To finish the job initiated by Sivaram Ambikasaran, first you can say that $\mu(x)=\alpha x+ \beta 1/x$
The stochastic integral term with $\beta=0$ case is answered by Sivaram Ambikasaran.
For the $\alpha=0$ case you have using Itô's lemma :
$dLnB_t= \frac{1}{B_t}dB_t-\frac{1}{2.B_t^2}dt$
So integrating this gives you :
$\beta.\int_0^T \frac{dB_s}{B_s}=\beta.(Ln(\frac{B_T}{B_0})+1/2\int_0^T \frac{1}{B_s^2}ds)$
If you start your Brownian Motion at 0, the problem is not well defined. If $B_0\not=0$ then returning to the intial problem (still with $\alpha=0$) you have :
$ \int_0^T \mu(B_s) dB_s - \frac{\int_0^T (\mu(B_s))^2 ds}{2} =
Ln(\frac{B_T}{B_0})+\frac{\beta.(1-\beta)}{2}.\int_0^T \frac{1}{B_s^2}ds$ if I am not mistaken.

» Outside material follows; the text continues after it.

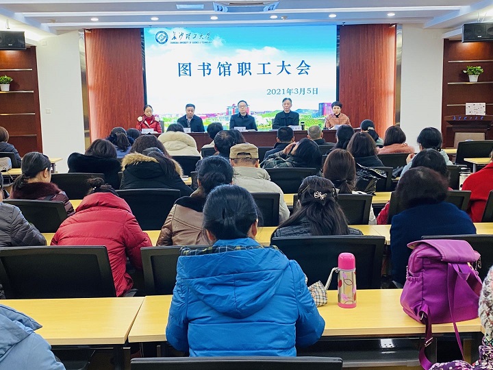 3月5日下午,图书馆在云塘馆B-102会议室召开全馆职工大会,会议由副馆长魏红梅主持。
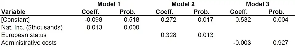 One theory to account for some of the case-specific error in the mean model might be that richer countries have more money to spend and so can afford to be more generous. There is wide variability among rich countries in just how rich they are. The poorest rich country is New Zealand (NZL) with national income of $27,940 per person, while the richest is Norway (NOR) with national income of $87,070 per person. The theory would suggest that Norway can afford to give much more in aid than New Zealand, and it does. Generalizing from these two cases, we might hypothesize that country ODA spending levels rise with national income levels. The right side of Figure 6-8 shows how ODA spending is related to national income levels. The hypothesis seems to be correct: a large part of the case-specific error in ODA spending can be attributed to differences in national income. From a descriptive standpoint, differences in national income account for a "large" amount of the case-specific error in ODA spending, but is the effect of national income statistically significant? Model 1 in Figure 6-9 reports the results of a regression of ODA spending on national income in thousands of dollars. The data for this and the other models reported in Figure 6-9 are taken from the database depicted in Figure 4-1. The slope for national income is 0.013, indicating that every $1000 increase in national income is associated with an expected increase of 0.13% in ODA spending. Based on the data we have, the probability that the true slope for national income might really be 0 is tiny. We can infer that the true slope for national income is almost certainly not 0. National income has a highly significant impact on ODA spending.

For the general case ($\alpha\not= 0$ and $\beta\not= 0$) just adds the solutions ( i.e. respectively for $\alpha=0$ and $\beta=0$) and also add the cross product term from $\int_0^T (\mu(B_s))^2 ds$ (which should be something like $-T.\alpha.\beta$).
Regards